Frei Jacir de Freitas Faria

 

Uma leitura atenta dos evangelhos à luz da Torá nos levará inevitavelmente a perceber Jesus judeu, seguidor fiel da Torá oral e escrita[1]. Jesus durante a sua vida terrestre se colocou no caminho da Torá. Seguir a Torá é também passar pelos ritos litúrgicos, os quais fazem um homem do povo eleito tornar-se judeu plenamente.

 E foi assim com Jesus. Com oito dias de nascimento, sua mãe, a judia Maria de Nazaré, o levou ao templo para ser circuncidado (Lc 2, 22-28) segundo as prescrições da Torá.

 Nessa celebração, ele recebeu o nome hebraico Yeshua (Jesus) e o sinal no seu corpo da pertença ao povo de Israel, a circuncisão. Circuncidar um homem significa cortar o prepúcio, isto é, liberar a pele que circunda o pênis para que ele, livre, esteja preparado para gerar a vida. Um circunciso judeu recebe no seu corpo a marca da presença de Deus que lhe pede:

 “Crescei e multiplicai!” (Gn 1,22). Os rabinos judeus ensinavam que quem não multiplica é um assassino. Ninguém pode negar a ordem divina de procriar. Outros rabinos iam mais longe: “a salvação está no pênis de Deus”, naquele que gera a vida. Portanto, um pênis circuncidado está apto para a vida em abundância.

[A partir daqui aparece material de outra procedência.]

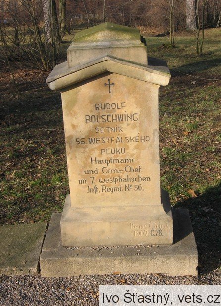 Bolschwingh, v. Rudolph: Hauptm., 7. Westphälisches Infantrie-Regiment Nr. 56, Füsilier-Bataillon. Příslušný v Neuss. Tĕžce zranĕn schwer 3.7.1866 (pravá ruka a levé stehno). +21.7.1866 lazaret Nechanice. (zdroj: Verlustlisten der Preußischen Armee 1866)
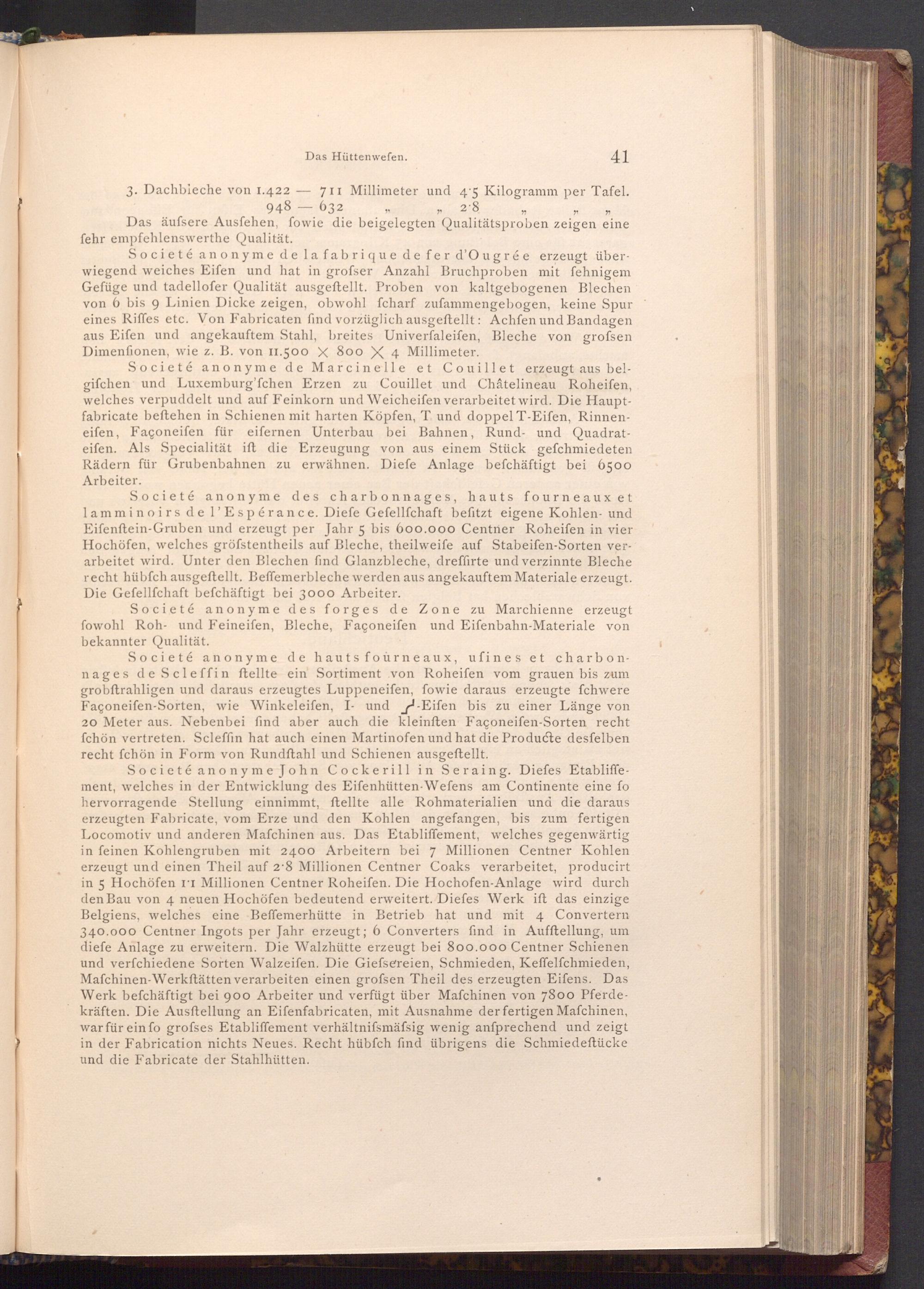 Societé anonyme de la fabrique de fer d'Ougrée erzeugt überwiegend weiches Eifen und hat in grofser Anzahl Bruchproben mit fehnigem Gefüge und tadellofer Qualität ausgeftellt. Proben von kaltgebogenen Blechen von 6 bis 9 Linien Dicke zeigen, obwohl fcharf zufammengebogen, keine Spur eines Riffes etc. Von Fabricaten find vorzüglich ausgeftellt: Achfen und Bandagen aus Eifen und angekauftem Stahl, breites Univerfaleifen, Bleche von grofsen Dimenfionen, wie z. B. von II.500 X 800 X 4 Millimeter.
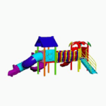 The Polyplay Play Station PPL/2T/53 is a dynamic dual-tower playstation set designed for thrilling outdoor adventures. Featuring eye-catching tiled roofs and leafy accents, it includes a spiral slide, wavy slide, and tube slide for fast-paced fun, along with a U-bridge and step ladder to encourage climbing and exploration. Perfect for active play, this sturdy and vibrant structure inspires creativity, teamwork, and endless excitement for kids. A fantastic choice for parks and schools!
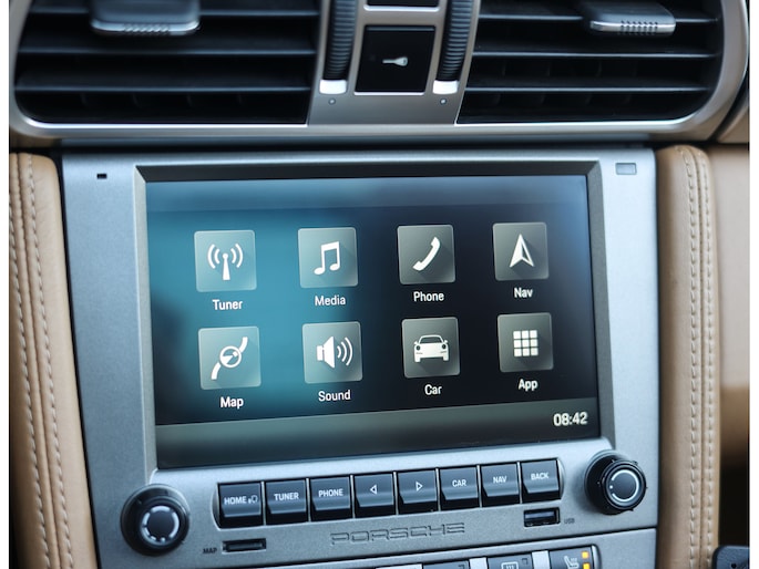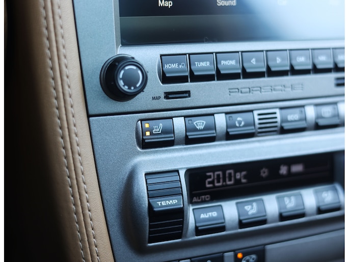 Het interieur is uitgevoerd in bruin en zwart volleder, wat zorgt voor een warme en luxe sfeer. De afwerking voelt solide en tijdloos, precies zoals u van Porsche mag verwachten. Met opties als stoelverwarming, climate control, BOSE en PCM is het comfort volledig op orde, zonder afbreuk te doen aan de klassieke cockpitbeleving. Daarnaast is dit exemplaar voorzien van een gemoderniseerd infotainmentsysteem, origineel van Porsche. Hiermee geniet u van Apple Carplay en Android Auto, hypermodern zonder afbreuk te doen aan de klassieke stijl.
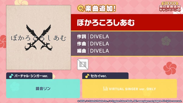 著作権表記:© SEGA / © Colorful Palette Inc. / © Crypton Future Media, INC. www.piapro.net All rights reserved.
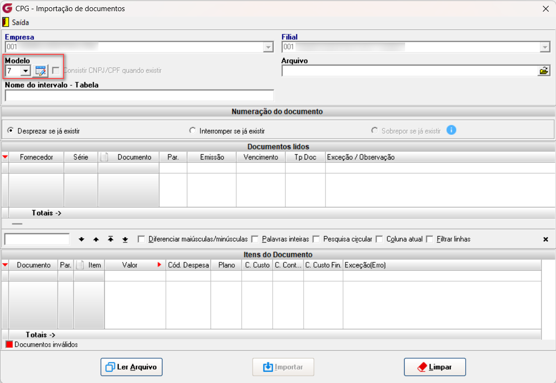 - o documento não será importado
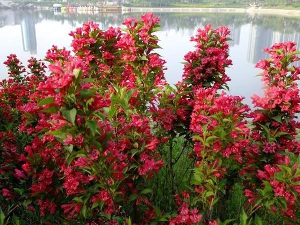 紅王子錦帶花,花色艷麗繁茂,開花時分紅綠相間,而且能在河畔潮濕環(huán)境中生長良好,是非常好的河畔觀賞植物。
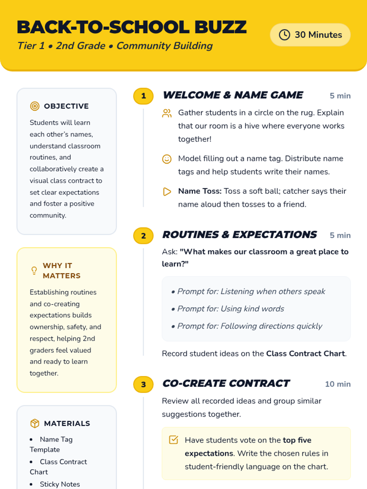 Kick off the school year with a lively Welcome and Expectations session designed for 2nd graders! Students will learn each other's names, understand classroom routines, and co-create a positive class contract.

 O substantivo hebraico milah refere-se à circuncisão e palavra. Ao ser circuncidado, o judeu menino já nasce sabendo que a sua vida deverá sempre ser de palavra e diálogo com o Eterno e suas revelações. Jesus foi esse diálogo, a Torá-Palavra. O rei Abimelec, segundo a Torá oral teria pronunciado diante de Abraão:

 “Não sou digno que entres na minha morada, mas diz somente uma palavra e minha casa será salva” (ExR 20,10-12). A sua reação se deveu ao fato dele ter percebido que toda a sua vida teria ficado estéril com a presença de Sara, apresentada por Abraão como irmã.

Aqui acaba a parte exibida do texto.